======== SOURCE DATA

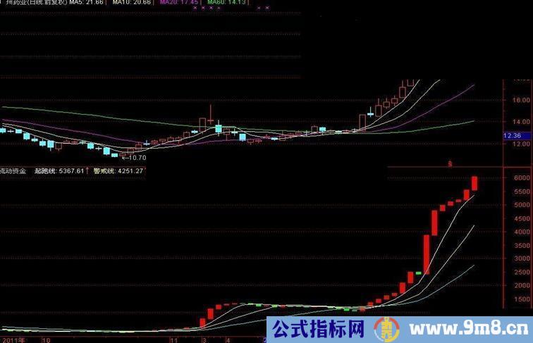 VAR1:=SMA(AMOUNT/10,10,1)/10000; VAR2:=REF(VAR1,1); VAR3:=SMA(AMOUNT/10,10,1)/10000; 资金运转:STICKLINE(VAR1>VAR2,VAR1,VAR2,2,0),COLORRED; 资金流失:STICKLINE(VAR1 起跑线:MA(VAR1,5); 警戒线:MA(VAR1,10),COLORYELLOW; 分界线:MA(VAR1,20),COLORCYAN;
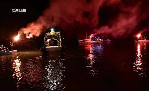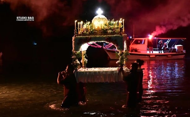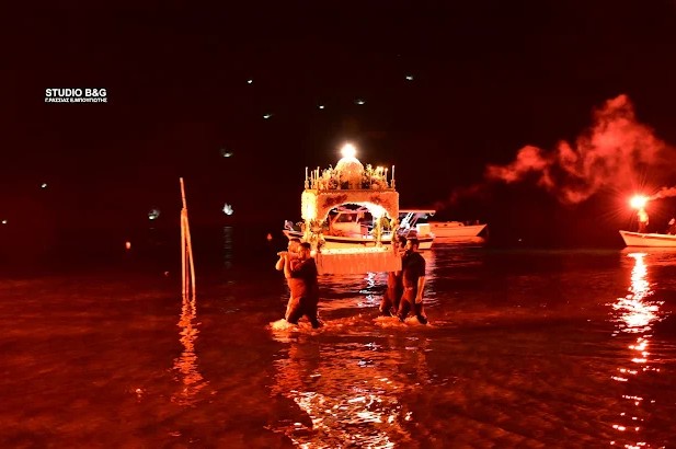 Μέσα σε ιδιαίτερα κατανυκτική ατμόσφαιρα έγινε η περιφορά του Επιταφίου στο Τολό της Αργολίδας το βράδυ της Μεγάλης Παρασκευής 10 Απριλίου, με τον Επιτάφιο να μπαίνει μέσα στη θάλασσα, σε ένα παραδοσιακό έθιμο που σχετίζεται με την Κρητική καταγωγή των Τολιανών.
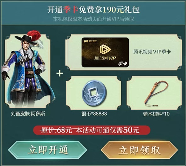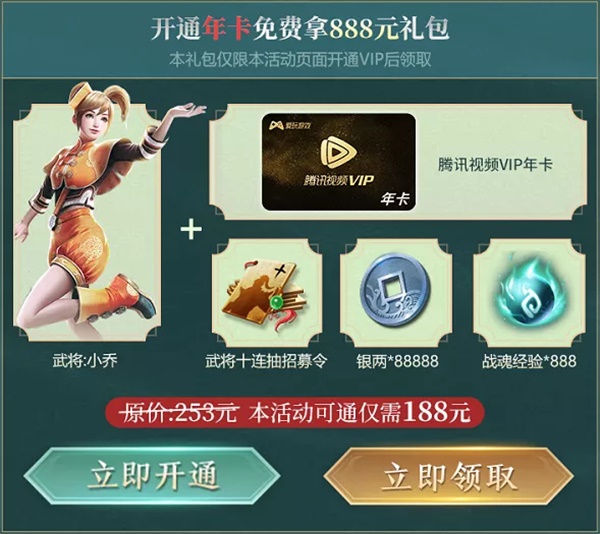 1、活动期间在指定页面新开通腾讯视频VIP,即可获得真三国无双霸手游专属礼包,套餐道具每个账号仅可获取一次,请使用游戏角色对应的QQ/微信账号开通。
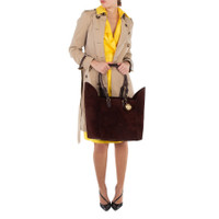 Burberry Ladies Tote. SKU: 8075550. Color: Cocoa. Size: 43cm x 18cm x 38cm. Burberry Suede Medium Shield Top Handles Tote. This softly structured tote, made in Italy from calf suede, features smooth leather trimming and shield-shaped side panels. It includes a detachable bell charm, gold-tone hardware, an open top, two adjustable top handles, and a spacious main compartment. Outer: 100% calf suede; Inner: 100% calf leather; Trim: 100% calf leather. Made in Italy. GENERAL Size Info: 43cm x 18cm x 38cm Color: Cocoa Lining Material: Calfskin INFORMATION Brand: Burberry Gender: Womens Model: 8075550 DETAILS Material: Calf Suede, Calf Leather ADDITIONAL INFO UPC Code: 5045704469352 Jomashop Sku: Z-WXTJ8 Department: Bags Category: Tote Bags
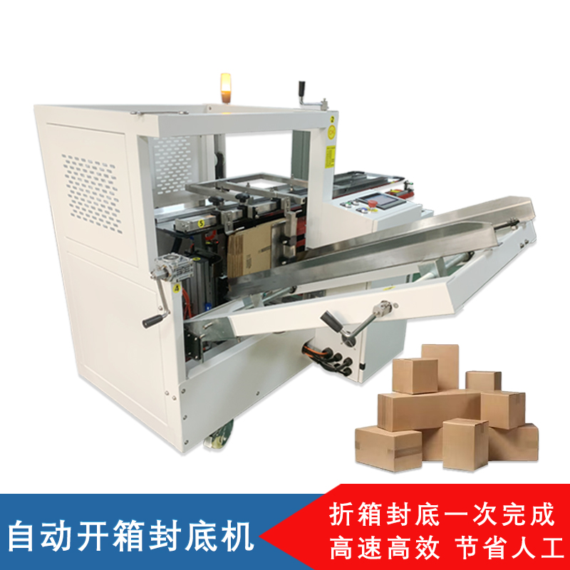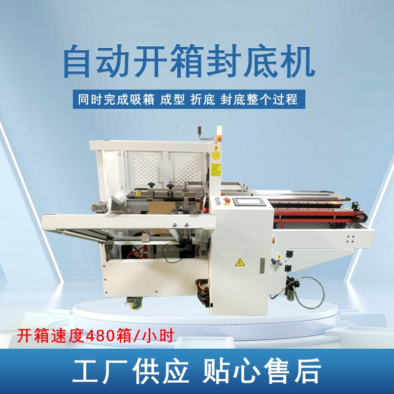 自動開箱封底機一次完成紙箱吸箱、開箱、成型、折底、封底等包裝工序,可大大減少生產人員和勞動強度。
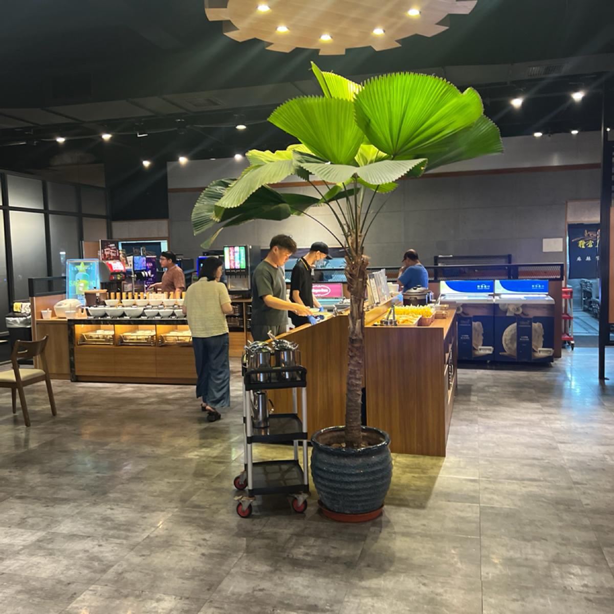 The restaurant offers a self-service bar with fresh and clean vegetables, noodles, braised pork rice, drinks, and ice cream available for self-service. Fruits and desserts need to be ordered via QR code, and the fruit is a mixed platter without options to choose, which is a bit inconvenient compared to the Taipei store where you can pick your own.
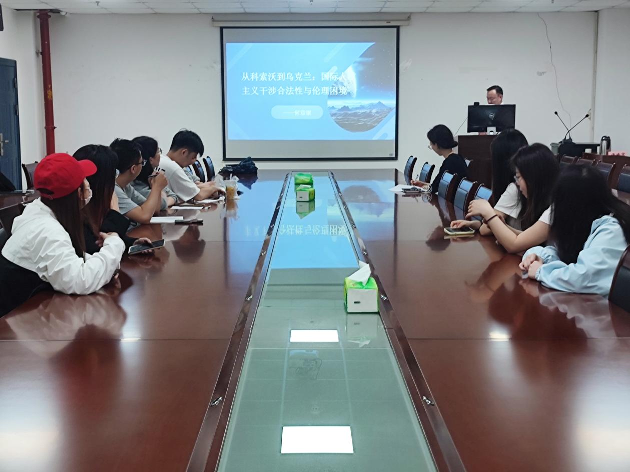(通讯员 贾献涛)为引发对于主权、人权与国际秩序关系的深层思考,4月11日上午,hjc黄金城官方网站求实导师学术沙龙第十期于文科楼1104室成功举办。本次讲座由法学博士、教授、硕士生导师何章银教授主讲,他以科索沃战争和乌克兰危机为例,探讨国际人道主义干涉的合法性与伦理困境。学院研一、研二部分学生参与。
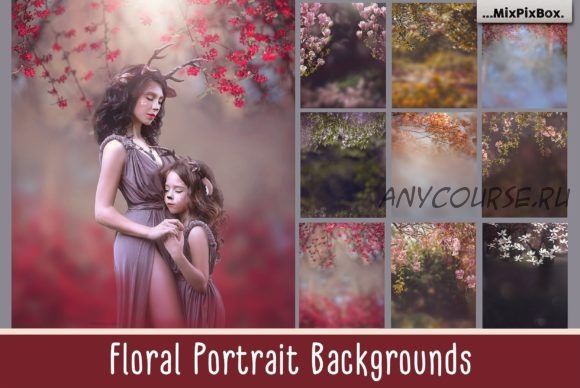 [Сreativefabrica] Floral Portrait Backgrounds. Цветочные цифровые фоны (MixPixBox)

================

Every line from the one holding "自動開箱封底機一次完成紙箱吸" through the end of the records above must be reproduced verbatim, pictures excepted.

> **WORKED SOLUTION**
 自動開箱封底機一次完成紙箱吸箱、開箱、成型、折底、封底等包裝工序,可大大減少生產人員和勞動強度。
 The restaurant offers a self-service bar with fresh and clean vegetables, noodles, braised pork rice, drinks, and ice cream available for self-service. Fruits and desserts need to be ordered via QR code, and the fruit is a mixed platter without options to choose, which is a bit inconvenient compared to the Taipei store where you can pick your own.
(通讯员 贾献涛)为引发对于主权、人权与国际秩序关系的深层思考,4月11日上午,hjc黄金城官方网站求实导师学术沙龙第十期于文科楼1104室成功举办。本次讲座由法学博士、教授、硕士生导师何章银教授主讲,他以科索沃战争和乌克兰危机为例,探讨国际人道主义干涉的合法性与伦理困境。学院研一、研二部分学生参与。
 [Сreativefabrica] Floral Portrait Backgrounds. Цветочные цифровые фоны (MixPixBox)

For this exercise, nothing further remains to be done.